In vivo imaging and biodistribution.

(A) Ex vivo fluorescence images of the tumor at 12 and 24 h post injection and major organs at 12 and 24 h post injection. (B) Semiquantitative biodistribution of free Cy7 or Cy7-labeled B@TA-R848 in BALB/C mice detected by the average fluorescence intensity of tumors and major organs per gram. (C) In vitro photoacoustic images of BNSs and B@TA-R848 as a function of concentration (0, 0.031, 0.062, 0.125, 0.25, and 0.5 mg mL⁻¹); (D) Photoacoustic values of BNSs and B@TA-R848 as a function of concentration (0, 0.031, 0.062, 0.125, 0.25, and 0.5 mg mL⁻¹). (E) Photoacoustic images of the tumor site in control, BNSs, and B@TA-R848 groups at 12 h post injection. (F) Quantitative analysis of photoacoustic values in (E). (G) Infrared thermographic maps and time-dependent temperature increase in the 4T1 tumor-bearing mice irradiated by the 808 nm laser (1 W cm⁻², 5 min) injection with 100 μL of saline, BNSs (1 mg mL⁻¹) and B@TA-R848 (1 mg mL⁻¹). (H) Time dependent temperature changes in the 4T1 tumor-bearing mice after different treatments in (G).

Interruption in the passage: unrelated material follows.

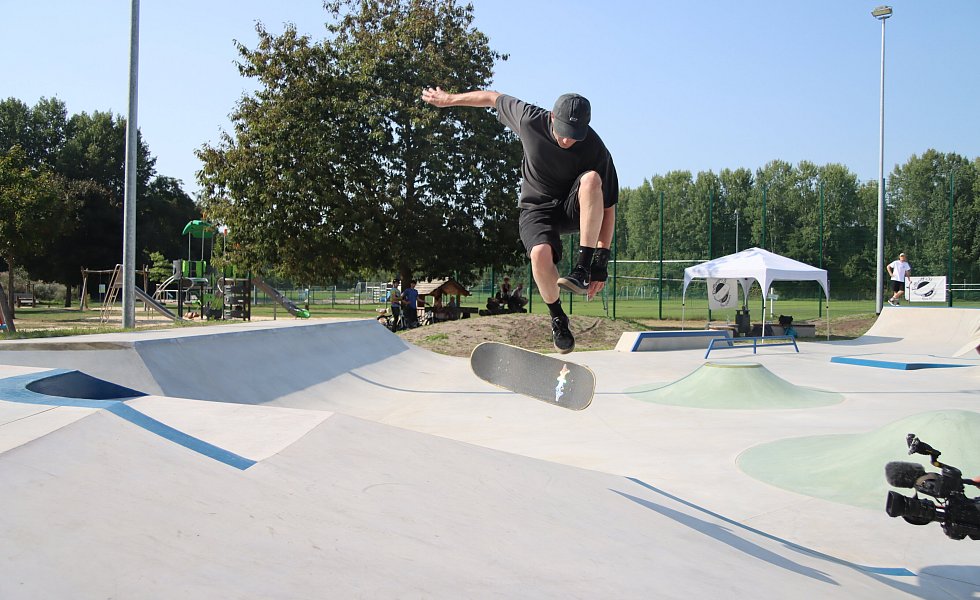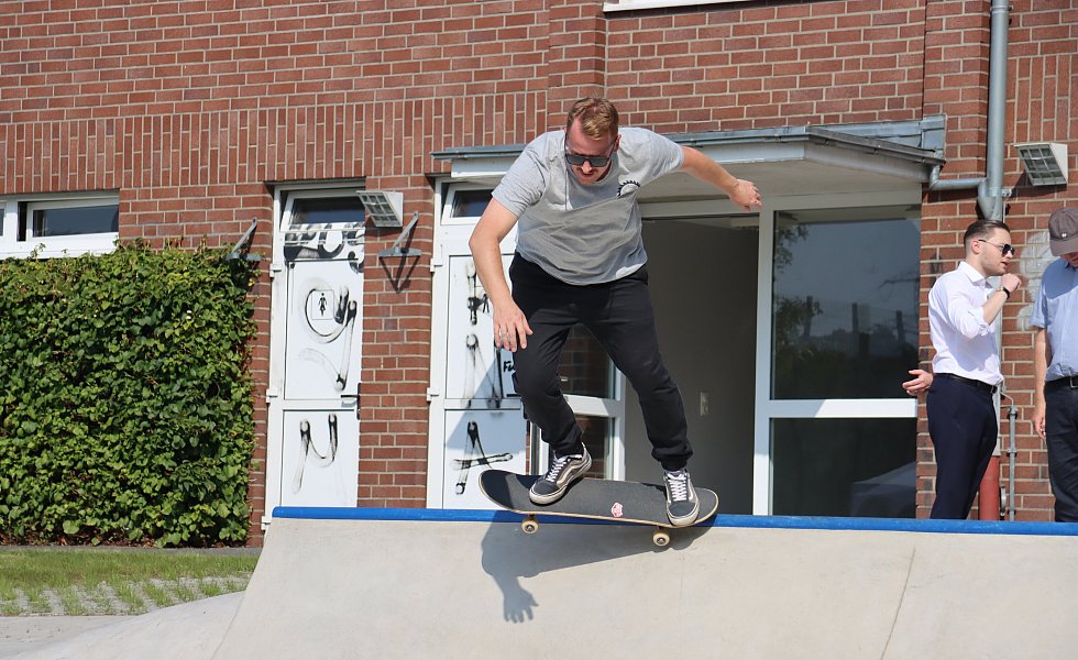 Erichlandwehr erinnerte daran, dass es zuvor lediglich eine wenig herausfordernde Halfpipe gegeben habe. Eine Eröffnungsfahrt lehnte der Bürgermeister dankend ab: „Ich habe noch nie auf einem Skateboard gestanden.“ Das überließ er gern den Profis, die den Eröffnungsgästen aus Verwaltung und Politik zeigten, wie man auf einem Board in der Luft schweben kann. Nils Dessloch bedankte sich für den Bau der Bahn mit einer Skate-Skulptur, die er selbst mit einem 3D-Drucker hergestellt hatte. Die soll einen geeigneten Platz im Sportamt finden.

Photoacoustic imaging is a novel non-invasive and non-ionizing biomedical imaging approach that evolved in recent years to enable 50 mm deep in vivo tissue imaging, which has become one of the most promising biophotonic diagnostic methods that contribute to imaging-guided cancer therapy. In this work, we tested the in vitro and in vivo photoacoustic imaging capability of BNSs and B@TA-R848, respectively. A strong concentration-dependent photoacoustic signal was found in both BNSs and B@TA-R848 groups at 780 nm wavelengths (Figure 4(C)), which means B@TA-R848 is capable of being a photoacoustic agent to facilitate imaging-guided malignancy treatment. The results in Figure 4(D) showed a good linear relationship between the photoacoustic signals of BNSs and B@TA-R848 and the material concentration, indicating that the protein-modified nanovaccines also had a high photoacoustic imaging sensitivity. In photoacoustic imaging results, intense photoacoustic signals were detectable at the tumor sites after intravenous injection of BNSs and B@TA-R848 in tails when compare to the control group, suggesting that both BNSs and B@TA-R848 can be used for intratumorally photoacoustic imaging (Figure 4(E)). Also of note, most of signals in both groups were concentrated near the vessels along the outer edge of the tumor (Figure 4(E)). It indicated that nanovaccines could be accumulated in tumors, but still had difficulty to get inside solid tumors. Figure 4(F) showed the quantitative analysis of each photoacoustic signal of Figure 4(E). From the results, it was clear that the signal intensity of B@TA-R848 was stronger than that of BNSs, indicating that B@TA-R848 had better tumor enrichment effect after wrapping polydopamine and tumor antigen protein.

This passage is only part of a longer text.